What Republican lawmakers heard from President Obama’s address to Congress Wednesday night wasn’t the invitation to join him on health reforms he sees as central to America’s well-being, but rather the message that he is prepared to move without them.
“I will continue to seek common ground in the weeks ahead. If you come to me with a serious set of proposals, I will be there to listen,” Mr. Obama said. “But know this: I will not waste time with those who have made the calculation that it’s better politics to kill this plan than improve it.”
In a silent protest, House Republicans waved copies of their own proposed legislation as the president spoke – proposals they say are serious but have not been taken seriously by House leaders or the Obama administration.
The key demand on the Republican side coming out of the president’s speech is more time to work out a bipartisan solution. Congressional leaders and the White House signaled this week that time for that has about run out.
"We’re willing to work with anyone who wants to work with us. I still think there are people on both sides who want to work with us," said presidential adviser David Axelrod, speaking to reporters after the president’s address. "But at the end of the day, this is not just a matter of process, it’s a matter of progress. We’ll do what the situation requires," he added, referring to the possibility that the Senate may resort to a tactic that requires a bare majority vote in order to advance the legislation.
Only one of five congressional panels that have taken up health reform included Republicans in the drafting of an initial bill.
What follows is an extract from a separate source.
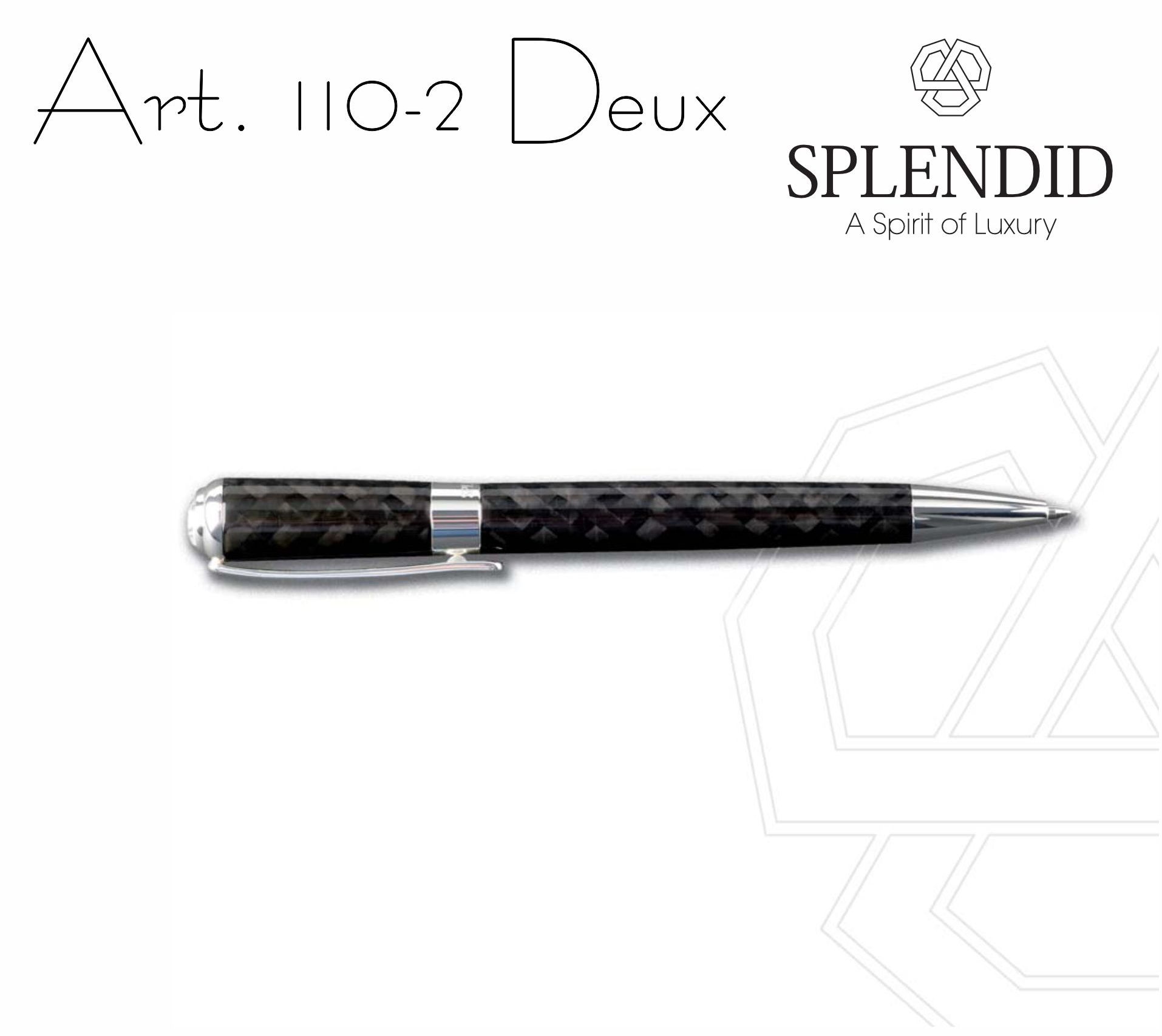Rotary ballpen, hand-finished brass housing encased in carbon and silver plated, Schmidt stainless-steel cartridge, one CRYSTALLIZED™ - Swarovski Elements. Every SPLENDID writing instrument is supplied in a high-quality gift box.

The one remaining opportunity for Republicans is the Senate Finance Committee, which now says it will begin to mark up a bill next week with or without a bipartisan deal.
Responding to Obama’s address, Sen. Michael Enzi (R) of Wyoming – one of the so-called Gang of Six, three Democrats and three Republicans working on a bipartisan draft – called on Democratic leaders not to put an “early end” to negotiations.
“The bipartisan talks we’re having in the Finance Committee represent the best chance we have of achieving our shared goals, and I urge Democratic leaders not to close the door on these productive discussions,” said Senator Enzi said, in a statement.
One option for moving a reform bill through the Senate is to use a procedure, called reconciliation, that allows legislation to clear with a simple majority, instead of the 60-vote supermajority that is standard for major legislation in the Senate. Leaders on both sides of the aisle have used it, but reluctantly because the procedure is complicated, risky, and typically incites the minority to be more obstructive on other issues.
Obama pointedly backed several GOP themes in his prime-time speech. For Americans who can’t get insurance today because they are diagnosed with pre-existing medical conditions, he cited a proposal by presidential rival John McCain, a senator from Arizona, to protect them against financial ruin.
“This was a good idea when Senator John McCain proposed it in the campaign. It’s a
good idea now, and we should all embrace it,” Obama said.
In a nod to GOP calls for tort reform, Obama backed a Bush administration proposal to authorize demonstration projects to test whether doctors' efforts to avoid malpractice suits are inflating healthcare costs.
“It’s a good idea, and I am directing my secretary of Health and Human Services to move forward on this initiative today,” he said.
But what GOP lawmakers took away from the speech were the president’s references to scare tactics, bogus claims, partisan spectacles, and lies, directed at them. And at least one took umbrage at Obama's statement that the reforms he is seeking would not grant health insurance to illegal immigrants.
“The president obviously said some good things, but this was a more partisan and strident speech than I had hoped for,” said Rep. David Dreier of California, the top Republican on the House Rules Committee.